One thing some buildings let you do is to buy new chips (workers). This augments the composition of your bag. There is also an action which removes chips from circulation. Your chips are boatmen, traders, soldiers, craftsmen, scholars and the like. When you recruit a new worker, you get to advance on a specific track. There are many tracks in the game and as you advance you get various benefits.


You will have opportunities to construct new buildings. These are new places you can assign your workers and they give you new abilities. 

One aspect of the game is a map showing towns around Orleans. You have a pawn on the map and you can travel about to claim goods and to build trading posts. Goods are worth points at game end, and trading posts too. 

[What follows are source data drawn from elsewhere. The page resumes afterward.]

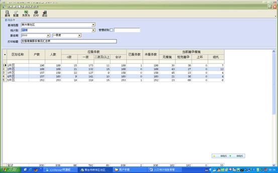(三)實現(xiàn)多種統(tǒng)計報表的實現(xiàn)。系統(tǒng)不僅能根據(jù)操作人員錄入的人戶信息自動生成計劃生育報告單,方便社區(qū)和縣鄉(xiāng)軟件的數(shù)據(jù)上報,還能實現(xiàn)人口信息統(tǒng)計查詢、流動人口信息統(tǒng)計查詢、技術(shù)和藥具使用情況統(tǒng)計查詢,社會撫養(yǎng)費征收情況統(tǒng)計查詢、黨政、行政處罰情況統(tǒng)計查詢等完善的統(tǒng)計查詢報表。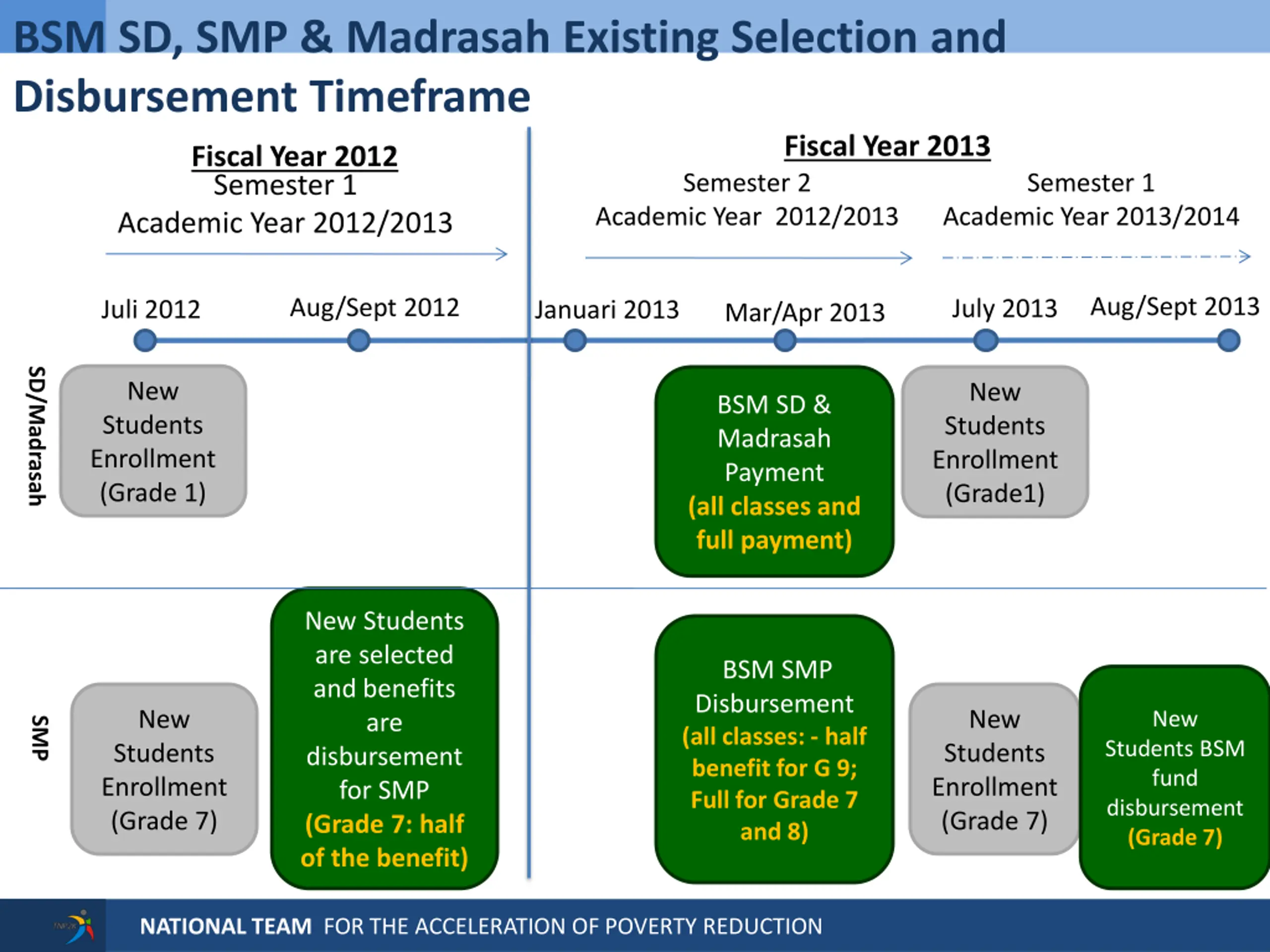 BSM SD, SMP & Madrasah Existing Selection and Disbursement Timeframe Fiscal Year 2013 Fiscal Year 2012 Semester 2 Semester 1 Semester 1 Academic Year 2012/2013 Academic Year 2013/2014 Academic Year 2012/2013 Aug/Sept 2013 Aug/Sept 2012 July 2013 Juli 2012 Januari 2013 Mar/Apr 2013 SD/Madrasah New Students Enrollment (Grade 1) New Students Enrollment (Grade1) BSM SD & Madrasah Payment (all classes and full payment) New Students are selected and benefits are disbursement for SMP (Grade 7: half of the benefit) BSM SMP Disbursement (all classes: - half benefit for G 9; Full for Grade 7 and 8) New Students Enrollment (Grade 7) New Students Enrollment (Grade 7) New SMP Students BSM fund disbursement (Grade 7) NATIONAL TEAM FOR THE ACCELERATION OF POVERTY REDUCTION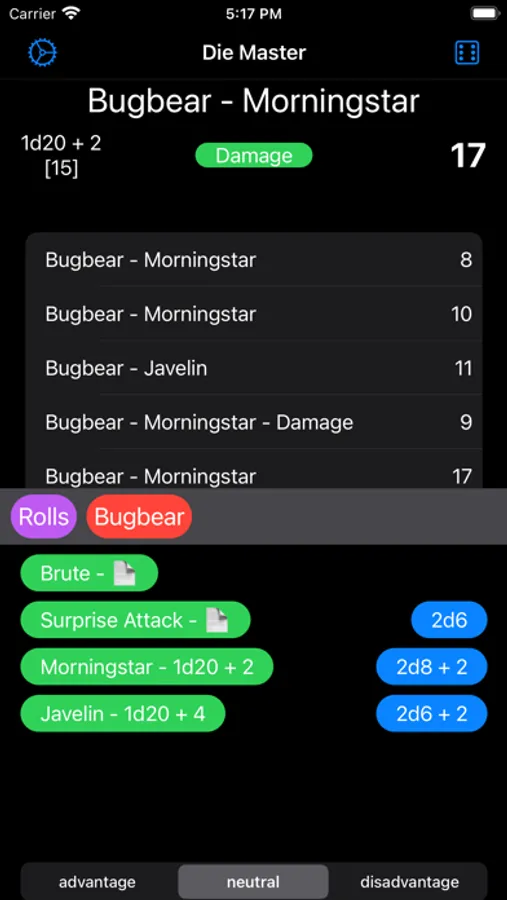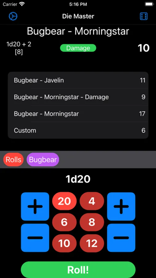 Die Master is a dice rolling app built with the Dungeon Master in mind. Beyond its basic dice rolling functions, it allows for the creation of monsters and their associated roll sets ahead of game play. Having these rolls at the tip of your fingers then allows for smoother game play. This application needn’t completely replace your beloved D20’s, but is a tool to speed up rolling during complicated combat encounters.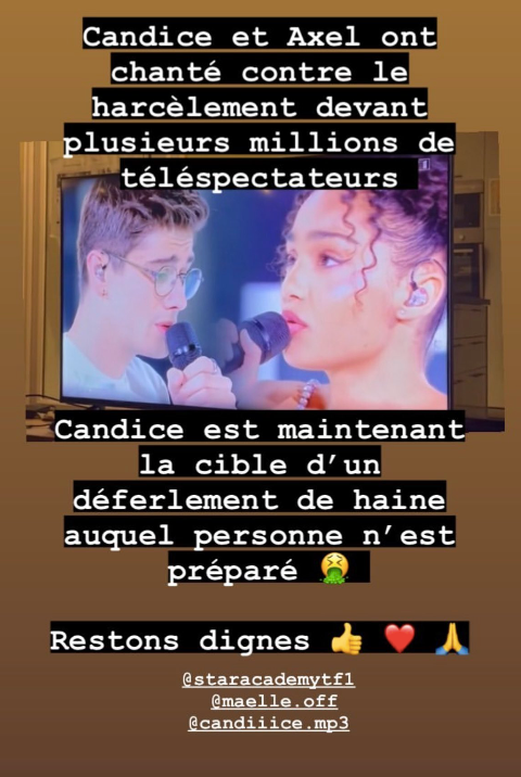 Face aux nombreux commentaires haineux ciblant sa fille, le père de l’académicienne a décidé de réagir. « Candice et Axel ont chanté contre le harcèlement devant plusieurs millions de téléspectateurs. Candice maintenant la cible d’un déferlement de haine auquel personne n’est préparé. Restons dignes », a-t-il posté via sa story Instagram. Un message qui apaisera on espère les tensions…
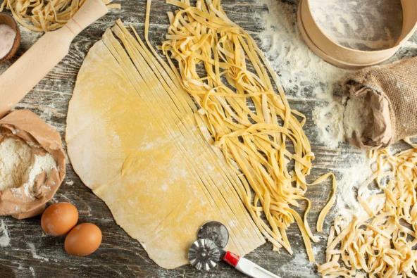 U brašno dodajte jaje, so. Umesite glatko testo i umotajte u providnu foliju, pa ostavite u frižideru da odmori pola sata. Razvaljajte testo na debljinu od 2-3 mm, pa izrežite krpice (male kvadrate) ili rezanca. Rastresite rukama i ostavite na stolnjaku da se osuše.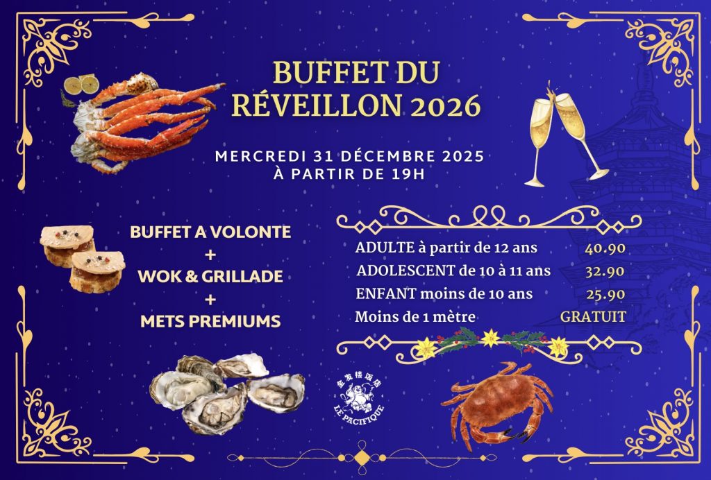 Le dîner commence à 19h et inclut seulement le repas, parfait pour vous laisser repartir le ventre remplis et continuer votre soirée festive ailleurs. Fruits de mer, foie gras, mets asiatiques, tout est préparés pour que vous puissiez profiter d’un repas gourmand en famille, en couple ou entre amis !

The game is played over 18 rounds, and events happen every round, sometimes causing trouble and sometimes presenting opportunities. That’s another aspect you have to handle. 

The Play

The game gives you many strategic options - which kind of workers to go for, any buildings which you want to get, how do you travel on the map, which of the tracks to pursue. It’s interesting to manage your pool of workers. You want to tune your worker mix to best serve your strategic direction. Sometimes your needs change and you need to tune again. 

Competition comes in many aspects. You race to grab buildings. On the tracks there are spots offering citizens (which help with map scoring) and you need to race to grab them. Movement on the map is a race too, because there are plenty of goods tiles to be picked up by whoever passes by first. There is a finite number of workers of each type. It is possible that they run out and you can't recruit any more. That's another thing you race for.

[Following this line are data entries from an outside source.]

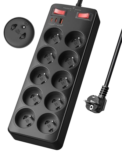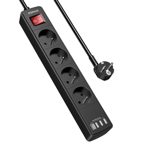 POWSAF Prise Multiple 8-en-1, Bloc de Prises Électrique 4 Prises + 4 USB, 3680W/230V, Interrupteur, pour Maison/Bureau - Noir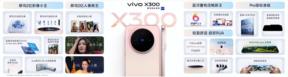 X300则将Pro级的影像能力带给更偏爱小尺寸机身的用户。X300的主摄选用与X300 Pro长焦同款的蓝图×三星HPBlue传感器,并将其打造为一颗具备1/1.4英寸大底、f/1.68光圈及CIPA4.5专业级防抖的蔡司2亿像素超级主摄。强大的硬件实力,使得用户可以享受“先拍摄,后构图”的创作体验。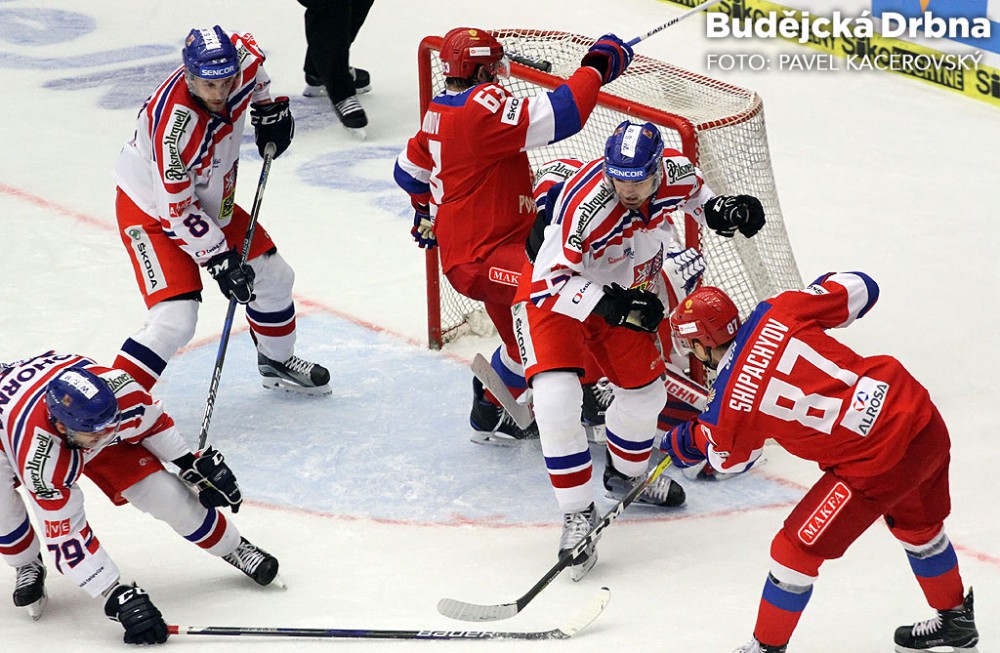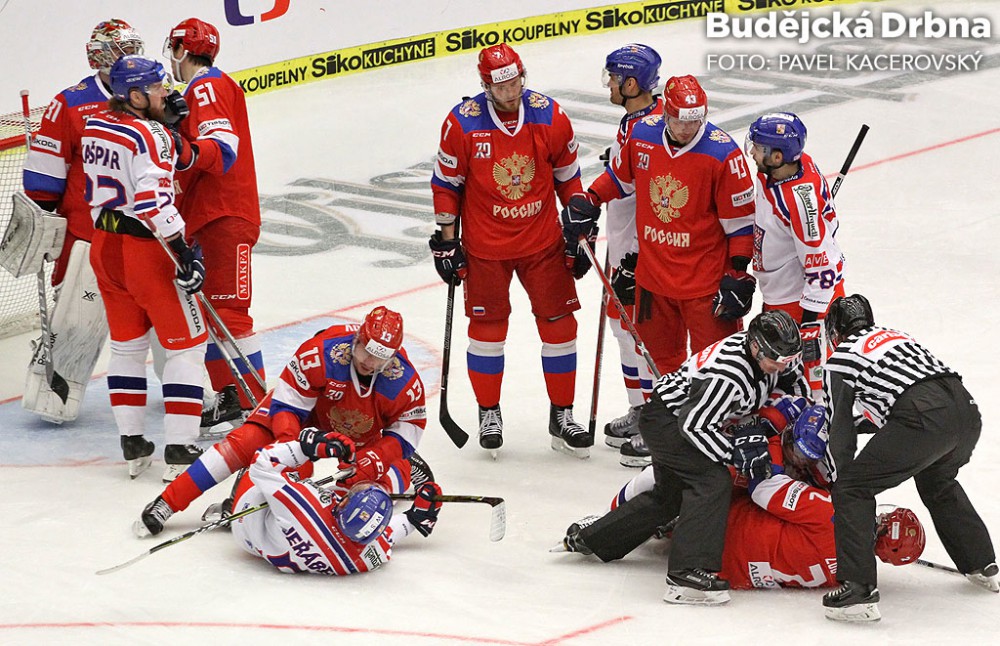 Nejlepším českým hráčem po utkání s Ruskem byl vyhlášen Jan Kovář, který jeden gól dal a na další nahrál. Na snímku obehrává Ivana Provorova

Worker retirement involves some competition too. When you want to remove a worker from circulation, you need to place it on an Important Deeds board. They go there to retire. There are different sections which give different rewards. Naturally you want to go for the bigger rewards most of the time. One twist is the player who places the last worker in a group gets a citizen. Now you need to be careful not to set up for your opponent to gain a citizen. 


In a two player game there is less competition on the map. We went in different directions and did not interfere with each other. By late game we had established many trading posts and claimed many goods tiles. 

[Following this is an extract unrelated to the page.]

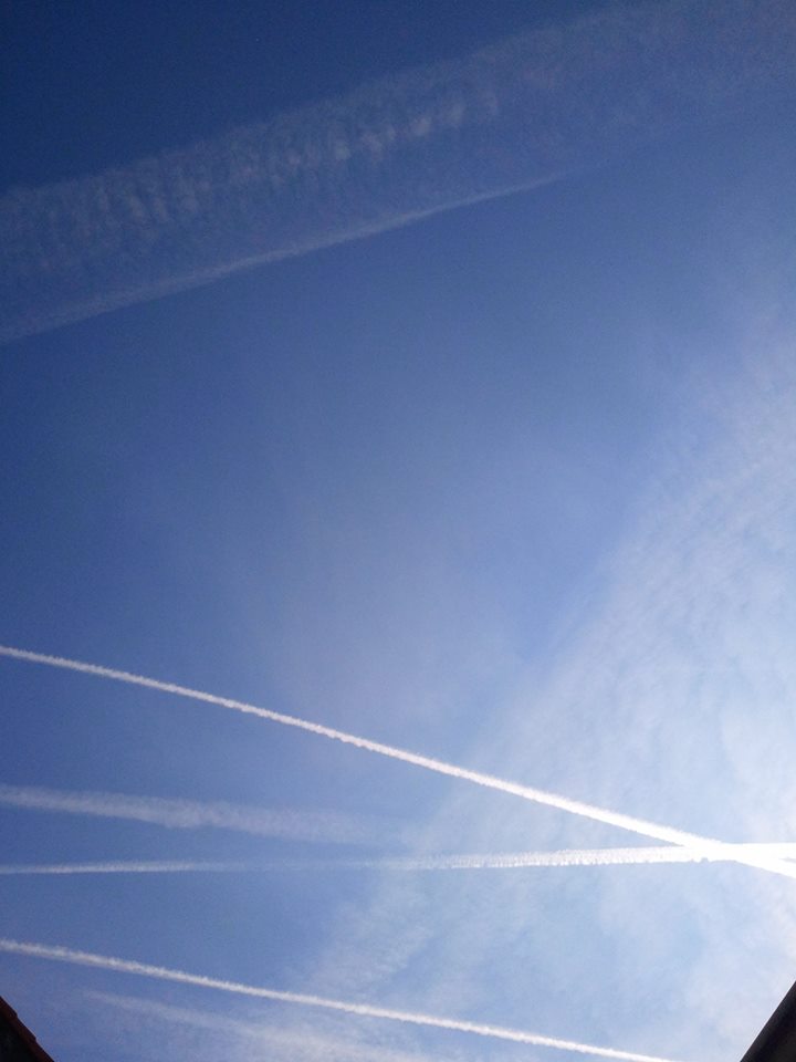 Sogenannte Chemtrails, persistente Kondensstreifen im Zuge der illegalen GeoEngineering-Maßnahmen - fotografiert über Bad Nauheim im Juni 2014

This is a development game. Everyone starts with the same capabilities, but as you play you augment your abilities in different ways. It is satisfying to watch your powers grow. 

The Thoughts

Orleans is a little different from typical deck-building games. Many deck-building games have two currencies, one is like money which you use to buy other cards, and the other is like strength, which you use for defeating monsters or beating up your opponent. Card deck-building games usually have cards with nifty powers. In Orleans, you simply have different types of chips, which can be used in different combinations for different purposes. The dynamics are different, and that is refreshing. You are constantly adjusting your bag composition, and it is satisfying to be able to see things pan out. The "reshuffling" happens very soon, because once a worker completes their task, they go back into the bag. Instant gratification!